さりげにアカデミー賞に何部門かノミネ−トされていたクリストファー・ノーラン監督作品。based on true storyだからの臨場感・説得力はある。『インセプション』であれだけVFX駆使しながら、本作では航空機の巴戦など実物にこだわったという。なかなか観ないアングルでの巴戦だったが、航空機の機数も少なく、多数の零戦の格闘を見慣れている人には、(なんか淡泊)感は否めない。但し開戦当初の第二次世界大戦ってこんなもんなのかもしれないな。ドイツサイドから見れば、40万近くの兵隊が海岸でボ〜としているんだから、ここに集中爆撃とか、艦砲射撃で一撃だろうと思うんだが、まぁチマチマしている(ゆえに、30万を超える兵力を本国に戻すことができたんだろう)。まぁ開戦当初と終戦間際では爆撃一つ取っても全然規模が違うのだけれど。
 考えてみれば、ドーバ−海峡とは不思議だ。あの頃のドイツの国力をもってしても海峡を越えて上陸できなかったのだから。

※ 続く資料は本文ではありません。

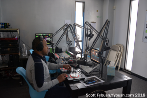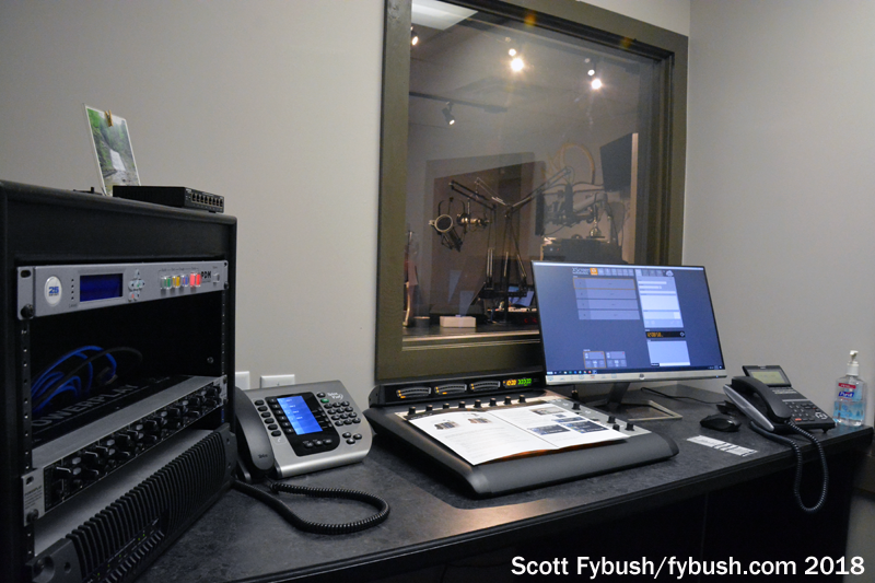 Anyway – in addition to TV studios and editing rooms, the old cable building had plenty of space on the first floor for a big radio suite, including a corner air studio, a conference room and another room that’s used to record talk shows and interviews.
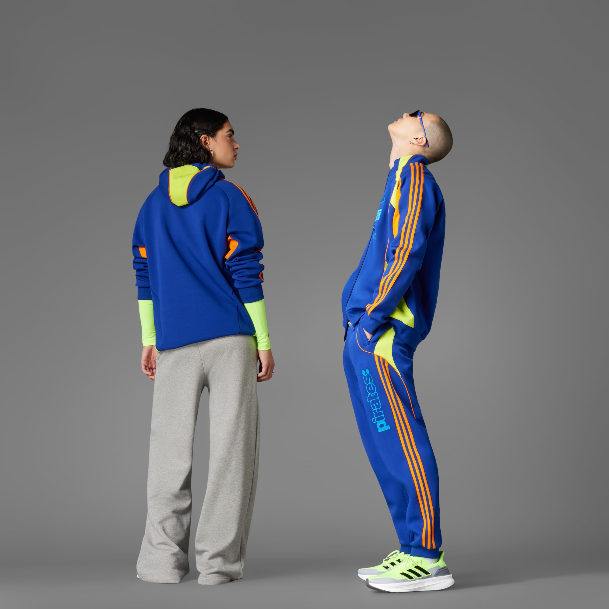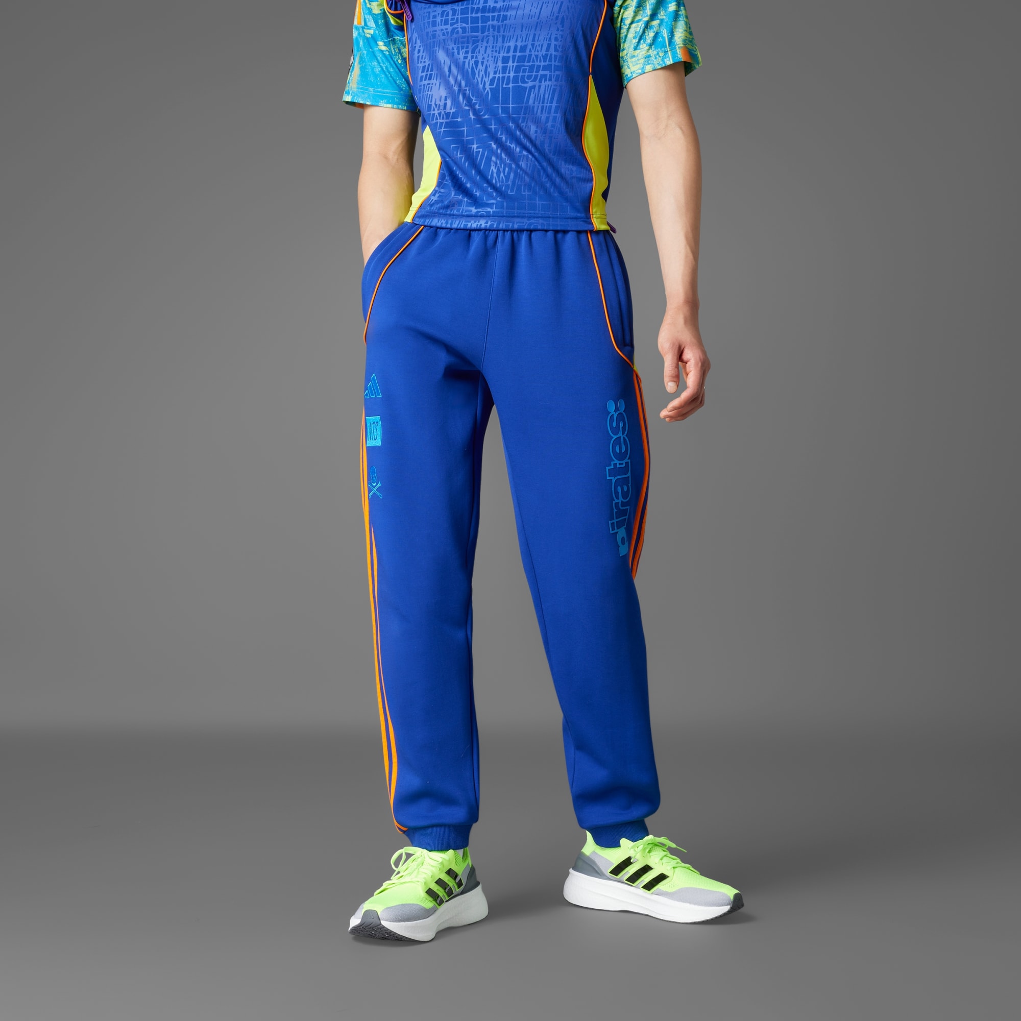 Znajdź swój piłkarski głos w spodniach dresowych stworzonych przez adidas i NTS Radio. Model będący częścią kolekcji, która oddaje hołd relacji między muzyką a piękną grą, łączy styl piłkarski z drugiej dekady XXI wieku z południowoafrykańskimi wpływami amapiano, odzwierciedlając prawdziwy dźwięk Orland Pirates FC. Naszywka drużyny, logo NTS i stylizowana grafika "Pirates" uzupełniają look stworzony z myślą o śpiewie.
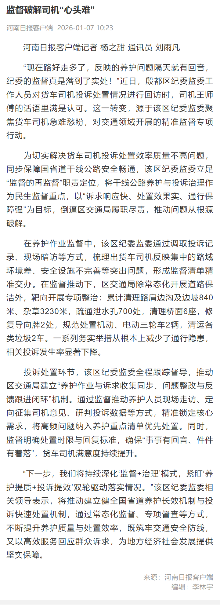 “下一步,我们将持续深化‘监督+治理’模式,紧盯‘养护提质+投诉提效’双轮驱动落实情况。”该区纪委监委相关领导表示,将推动建立健全国省道养护长效机制与投诉快速处置机制,通过常态化监督、专项督查等方式,不断提升养护质量与处置效率,既筑牢交通安全防线,又以高效服务回应群众诉求,为地方经济社会发展提供坚实保障。(河南日报客户端记者 杨之甜 通讯员 刘雨凡)

ブリテン島への上陸と、ロシア征服って言うのは、本当に難しいのだな。
 船でフランスを離れることができたと思えば、ドイツに空爆され沈没。救命具をつけてプカプカ浮いている兵隊さんをみて、太平洋戦争でアメリカ潜水艦に雷撃されて沈没した輸送船のことを考えたよ。日本軍は開戦前に輸送のことを考えなかったのかな。兵隊って辛い。